A Black woman wearing a black hijab and black and gold dress stands in between two men who are both wearing black pants and colorful jackets and necklaces

Amira Unplugged and other contestants on Becoming a Popstar

Amira Unplugged / MTV

In order to lift people’s spirits at the beginning of the pandemic, Amira began posting videos on TikTok of herself singing and using sign language so her music could reach her deaf fans as well. She was surprised by how quickly she was able to amass a large audience. It was through her videos that she caught the attention of a talent scout for MTV’s new music competition show for rising TikTok singers, Becoming a Popstar. After a three-month process, Amira was one of those picked to be a contestant on the show.

Becoming a Popstar, as Amira describes, is different from other music competition shows we’ve all come to know over the years. “Well, first of all, it’s all original music. There’s not a single cover,” she says. “We have to write these songs in like a day or two and then meet with our producers, meet with our directors. Every week, we are producing a full project for people to vote on and decide if they’d listen to it on the radio.”

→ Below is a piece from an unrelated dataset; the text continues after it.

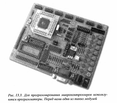 Микроконтроллер - персональному компьютеру: "Пожалуйста, помоги!" При покупке микроконтроллера без встроенного языкового интерпретатора нужно сразу позаботиться о покупке (или самостоятельном изготовлении) специального модуля для программирования. Это устройство (оно называется программатором) обеспечивает физическую связь между персональным компьютером и микроконтроллером. Наиболее широко распространенные модули для программирования обычно можно использовать сразу с несколькими близкими моделями одного производителя, нужно только проверить эту опцию. Пожалуй, мало смысла покупать устройство, с помощью которого можно программировать только одну модель микроконтроллера. Цена на программаторы также может составлять от нескольких до сотен долларов. Однако можно собрать несложный программатор и самому, хотя большинство начинающих специалистов предпочитают использовать готовые устройства, чтобы сэкономить время и силы. Лучше испытать силы на конструировании программатора уже после приобретения пусть даже небольшого опыта по работе с программируемыми микроконтроллерами. На рис. 13.3 показан типичный коммерческий модуль для программирования. Этот конкретный программатор имеет на плате несколько кнопок и светодиодов (на фотографии — справа), которые облегчают контроль над разработкой программного продукта. (Судя по всему, на фотографин изображен не просто программатор, а отладочный модуль (типа STK). С его помощью можно не только стереть или запрограммировать микроконтроллер, но и визуально оценить состояния портов ввода-вывода, легко подключить к процессору периферийные устройства, используя многочисленные разъемы и перемычки. Кроме того, на плате модуля уже собраны элементы питающей цепи со всеми необходимыми фильтрами и защитными цепями. — Примеч. ред.) В принципе, для программирования микроконтроллера дополнительные функции, которые обеспечивает данный модуль, совсем не обязательны, но их всегда приятно иметь под рукой, да и они не так сильно влияют на цену, как может показаться. Нужно вставить микросхему в разъем на модуле и подключить плату к компьютеру и источнику питания. Многие, хотя и не все, программаторы и отладочные наборы включают в комплект как минимум один редактор, в котором удобно писать программы. Если же редактор отсутствует, придется поискать его самостоятельно.

To make sure her deaf/HOH audiences can feel her songs, she makes sure to “add more bass, guitar, and violin in unique patterns.” She also incorporates “higher pitch sounds with like chimes, bells, and piccolo,” because, she says, they’re easier to feel. “But it’s less about the kind of instrument and more about how I arrange the pattern of the song. Everything I do is to create an atmosphere, a sensation, to make my music a multi-sensory experience.”

She says that working alongside the judges–pop stars Joe Jonas and Becky G, and choreographer Sean Bankhead – has helped expand her artistry. “Joe was really more about the vocal quality and the timber and Becky was really about the passion of [the song] and being convinced this was something you believed in,” she says. “And what was really great about [our choreographer] Sean is that obviously he’s a choreographer to the stars – Lil Nas X, Normani – but he didn’t only focus on choreo, he focused on stage presence, he focused on the overall message of the song. And I think all those critiques week to week helped us hone in on what we wanted to be saying with our next song.”

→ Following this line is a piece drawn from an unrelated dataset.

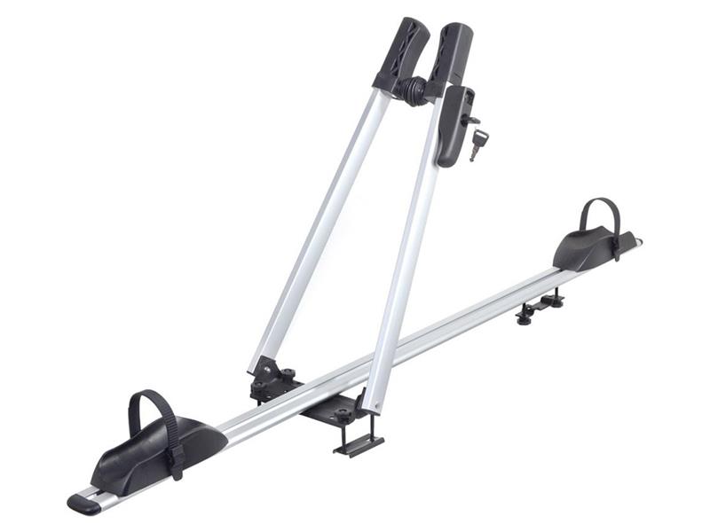Univerzální střešní nosič pro jízdní kolo s jednoduchým systémem upevnění. Upevnění kola do nosiče se provádí pomocí držáku na rám a jednoduchých objímek s fixační sponou, kterou lze upevnit i jednou rukou. Mechanismus je uzamykací a nehrozí tak odcizení kola. Nosič je vhodný pro všechny jízdní kola, nepřesahující hmotnost 15 kg. Nosič je precizně zhotoven z hliníku stříbrné barvy, umožňuje uchycení jak na klasický střešní nosič pomocí U třmenů, tak i na nosiče s T drážkou 20 mm.

As her star rises, it’s been both her Muslim faith and her friends, whom she calls “The Glasses Gang” (“because none of us can see!”), that continue to ground her. “The Muslim and the Muslima community have really gone hard [supporting me] and all these people have come together and I truly appreciate them,” Amira says. “I have just been flooded with DMs and emails and texts from [young muslim kids] people who have just been so inspired,” she says. “People who have said they have never seen anything like this, that I embody a lot of the style that they wanted to see and that the message hit them, which is really the most important thing to me.”

A Black woman wears a long, salmon pink hijab, black outfit and pink boots, smiling down at the camera with her arm outstretched to it.

Amira Unplugged

Amira Unplugged / MTV

Throughout the show’s production, she was able to continue to uphold her faith practices with the help of the crew, such as making sure her food was halal, having time to pray, dressing modestly, and working with female choreographers. “If people can accept this, can learn, and can grow, and bring more people into the fold of this industry, then I’m making a real difference,” she says.

Though she didn’t win the competition, this is only the beginning for Amira. Whether it’s on Becoming a Popstar or her videos online, Amira has made it clear she has no plans on going anywhere but up. “I’m so excited that I’ve gotten this opportunity because this is really, truly what I think I’m meant to do.”